In addition to an access grid for employees and contractors, a grid should be included which outlines access to the designated record set by other types of providers, agencies or third-party users.  This grid should outline whether an authorization to use or disclose health information form is required to be signed before information is disclosed or released and when reporting/disclosure is mandatory by law.  Both federal and state regulations need to be incorporated into the facility policy and procedure and access grid.  

 

The federal regulation (42 CFR § 483.75(4)) requires that the facility must keep confidential all information contained in the residents’ records, regardless of the form or storage method of the records, except when release is required by – (i) transfer to another health care institution; (ii) law; (iii) third party payment contract; or (iv) the resident

 

The disclosure grid should outline access to protected health information by the following individuals/entities and whether an authorization from the resident is required to release information.

 

Completion of this grid should be based on applicable federal and state laws the following are guidelines:

Disclosure Grid
Requestor or Outside Party	Authorization Required	Copy Charges Allowed
Accrediting Agencies (JCAHO, CARF)	No	No
Attorney	Yes	Yes
Attorney for Facility/Corporation	No	No
Courts of Law (Court Order)	No	Yes
Employer of Resident	Yes	Yes
Family members Family members with demonstrated involvement in care	Yes No – for verbal updates related to involvement in care	Yes No
Federal, State, and Local Government, and Voluntary Welfare Agencies	No – when reporting is required by law	No – when reporting is required by law
Funeral Homes	No – when releasing remains	No
Health Department	No	No
Healthcare Practitioners	No -  for continuity of care purposes when involved in residents care and treatment Yes – if not involved in care and treatment	No – for continuity of care and continued treatment.
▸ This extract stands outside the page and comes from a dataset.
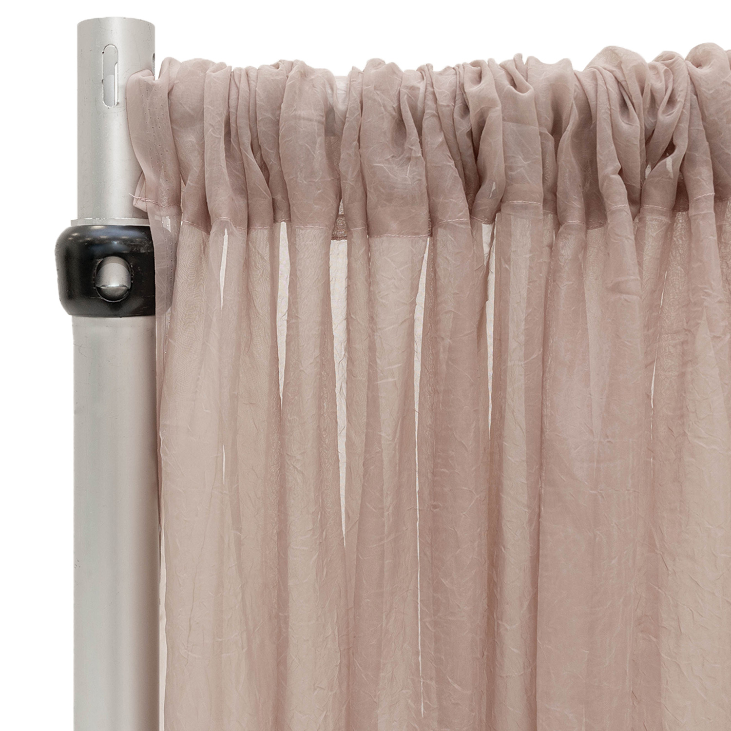 Accent and soften the ambiance with these spectacular curtain panels. The sheer features natural edges and is the same super-premium quality used in our backdrops and ceiling draping. And with 4" pocket rods on each end, you can hang them anywhere! Whether used as a backdrop or as a partition, they are just the lovely additions that the joyous occasion needs. Perfect for rustic or posh events, winter or spring. For best appearance when using as drape, we recommend using 4 or more pieces of 10ft wide sheer for every 10 feet of pipe.

Yes – if not involved in care and treatment
Healthcare Providers (hospitals, LTC facilities, home health/hospice agencies, etc.)	No – for continuity of care purposes	No – for continuity of care purposes
Insurance Companies and Third Party Payers	No – for third party payment purposes	No – for third party payment purposes
Insurance Companies for Facility/Corporation	No	No
Law Enforcement Officials	Dependent on state law
Medical Examiner/Coroner	No – if reporting is required by law
Ombudsman	Dependent on state law
Research	Dependent on Research Project & IRB Approval/Waiver	No – if project is approved by facility
Residents	No	Yes

 

The column “Copy Charges Allowed” should be reviewed carefully and compared to the requirements in the privacy rule and any other applicable state of federal regulations. While is may be acceptable to charge for copies, facilities may exercise discretion and judgment when determining whether or not to charge a resident, his/her legal representative or other requesting party for copies.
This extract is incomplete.